** What is expected **
Retype the line where "提供联系人数据库营销辅助功能" appears and each line that follows it down to the last line of the records below. Leave the pictures out.

** Dataset records **
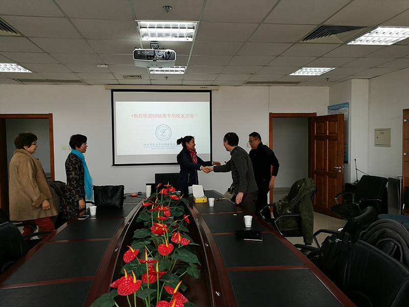 2017年11月19日,后主楼1020学术活动室迎来了英语专业80级(84届)部分校友。他们是邓颖(后转入79级)、葛启明、魏怡平、王梅雁。80级的班主任赵凤荣老师也前来与大家欢聚。80级留校的李争鸣、林洪(日语)迎接了校友回家。老同学相见,格外亲切,畅叙友情,回忆恩师。林洪为大家播放了学院的宣传片。随后,大家前往实习餐厅午餐。席间,当年校合唱团的魏怡平为大家倾情演唱了《我爱你,塞北的雪》,其他同学随声附和,把聚会的气氛推向了高潮。校友们纷纷感概学校的变化、学院的发展,也提供了很多卓有成就的校友信息,表示愿意回来向在校的师弟师妹们传经送宝。林洪转交了学院为校友们准备的礼物。大家表示今后要常回家常聚。
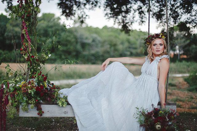 Una paleta de colores que se funde con el ambiente en los que brillan el mostaza, el rojo aterciopelado y el color higo en una velada para dos en un recóndito lugar para albergar pasiones. Momentos especiales para soñarte como una novia bohemia de otoño y descubrirte en un claro del bosque dejándote llevar tanto por el galope de un caballo como por el vaivén de un columpio .
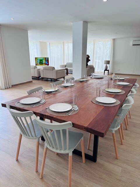 आम्ही तलावापासून फक्त 500 मीटर आणि समुद्रापासून 1.5 किमी अंतरावर आहोत. जॅकुझी, गार्डन, बार, टेरेस आणि पेटॅन्कसह 20-मीटर पूलचा विशेष ॲक्सेस मिळवा. मुख्य व्हिलामध्ये स्वतंत्र बाथरूम्ससह 7 बेडरूम्स, टीव्ही, एअरकॉन, सीलिंग फॅन्स, टीव्ही, वायफाय, किचन आणि डायनिंग आहे. लागून असलेल्या व्हिलामध्ये 1 बेडरूम, किचन आणि टेरेस आहे. 20 पर्यंत गेस्ट्सना फिट करण्याची विनंती केल्यावर फोल्ड करण्यायोग्य बेड्स दिले जातात. आमचे ऑनसाईट व्यवस्थापक आणि कर्मचारी क्रियाकलाप, अन्न आणि वाहतुकीच्या नियोजनासह तुमच्या सर्व गरजांसाठी उपलब्ध आहेत.
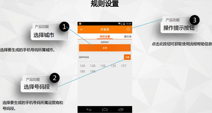 提供联系人数据库营销辅助功能,让营销工作基于海量手机潜在营销用户的数据库基础上开展,一键导入联系人,完全自定义城市和号码段,是打造精准营销以及o2o客源的有力辅助工具。
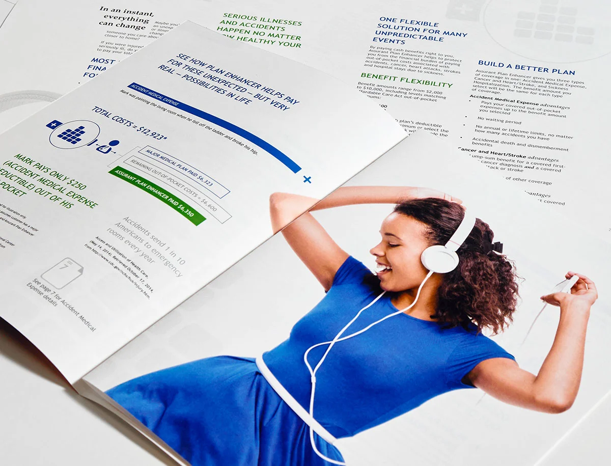 The resulting product-launch campaign pushed Assurant Health's branding to a new level of contemporary simplicity. The copy is straightforward, simple, and gets to the point quickly because accidents, critical illnesses and sicknesses are serious business. The serious subject matter is contrasted by a modern design, using ample white space, strategic icons and positive imagery to promote what customers will feel when they have a plan ready for the unexpected.
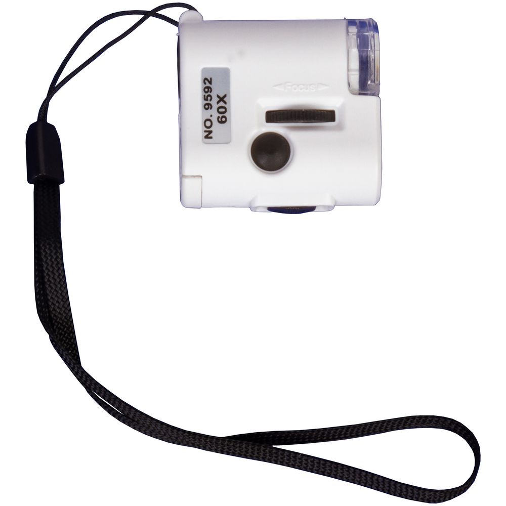 Микроскоп может применяться как для проверки подлинности денежных знаков, так и для обычных визуальных наблюдений. Увеличение оптики составляет 60 крат. Интенсивность работы подсветки можно регулировать переключателем на корпусе. Настройка резкости выполняется с помощью удобного крупного колеса грубой фокусировки.В комплект входит чехол из полиэстера.
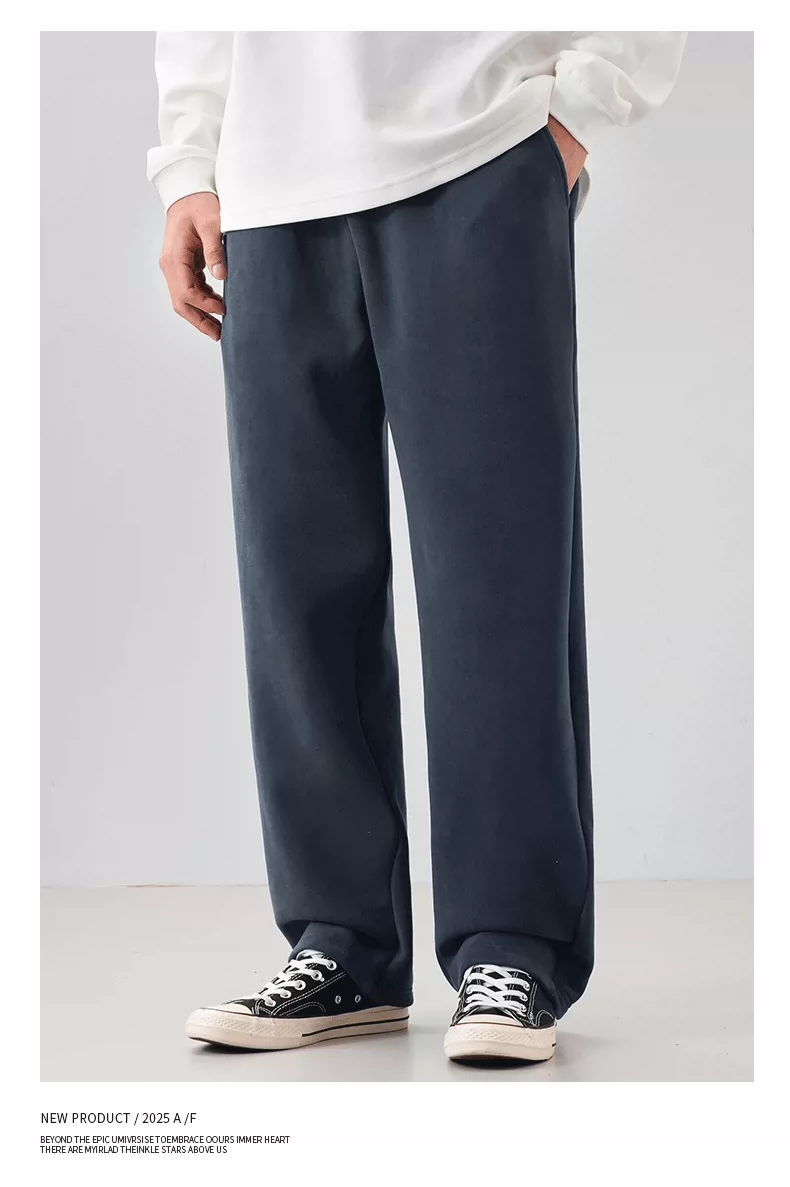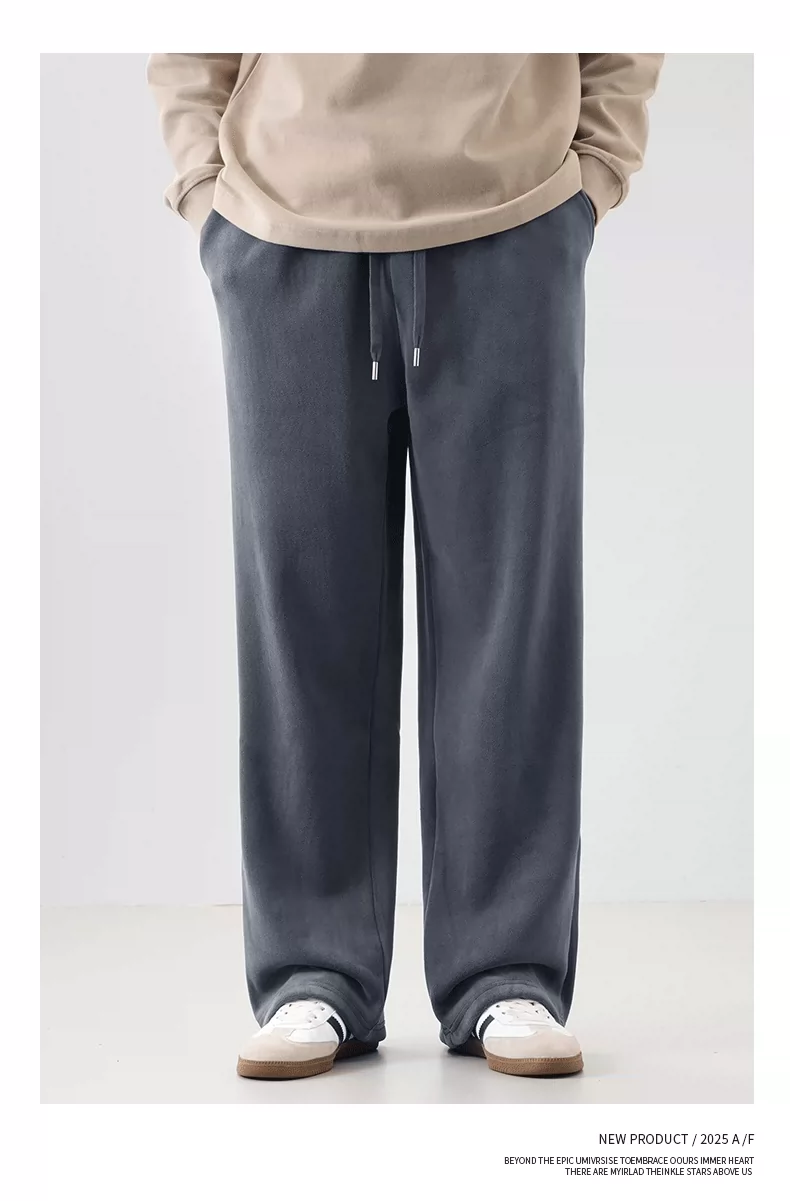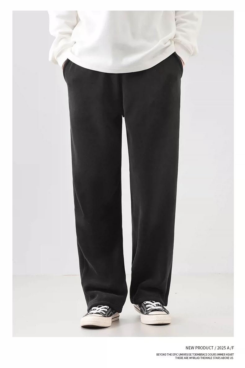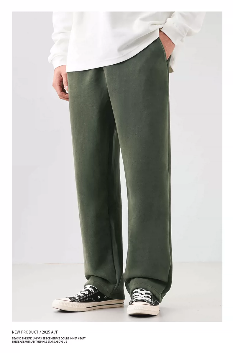 Quần thể thao lông cừu hạng nặng kiểu Mỹ OMZM dành cho nam, quần thường ngày dày dặn lót lông cừu mùa đông, quần ống rộng dáng thẳng rộng.
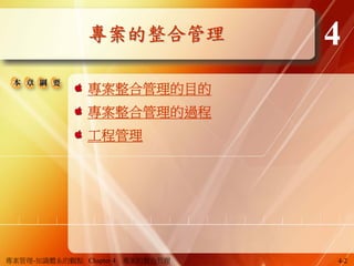4 專案整合管理的目的 專案整合管理的過程 工程管理 專案管理-知識體系的觀點 Chapter 4 專案的整合管理 4-2

** Completed exercise **
 提供联系人数据库营销辅助功能,让营销工作基于海量手机潜在营销用户的数据库基础上开展,一键导入联系人,完全自定义城市和号码段,是打造精准营销以及o2o客源的有力辅助工具。
 The resulting product-launch campaign pushed Assurant Health's branding to a new level of contemporary simplicity. The copy is straightforward, simple, and gets to the point quickly because accidents, critical illnesses and sicknesses are serious business. The serious subject matter is contrasted by a modern design, using ample white space, strategic icons and positive imagery to promote what customers will feel when they have a plan ready for the unexpected.
 Микроскоп может применяться как для проверки подлинности денежных знаков, так и для обычных визуальных наблюдений. Увеличение оптики составляет 60 крат. Интенсивность работы подсветки можно регулировать переключателем на корпусе. Настройка резкости выполняется с помощью удобного крупного колеса грубой фокусировки.В комплект входит чехол из полиэстера.
 Quần thể thao lông cừu hạng nặng kiểu Mỹ OMZM dành cho nam, quần thường ngày dày dặn lót lông cừu mùa đông, quần ống rộng dáng thẳng rộng.
4 專案整合管理的目的 專案整合管理的過程 工程管理 專案管理-知識體系的觀點 Chapter 4 專案的整合管理 4-2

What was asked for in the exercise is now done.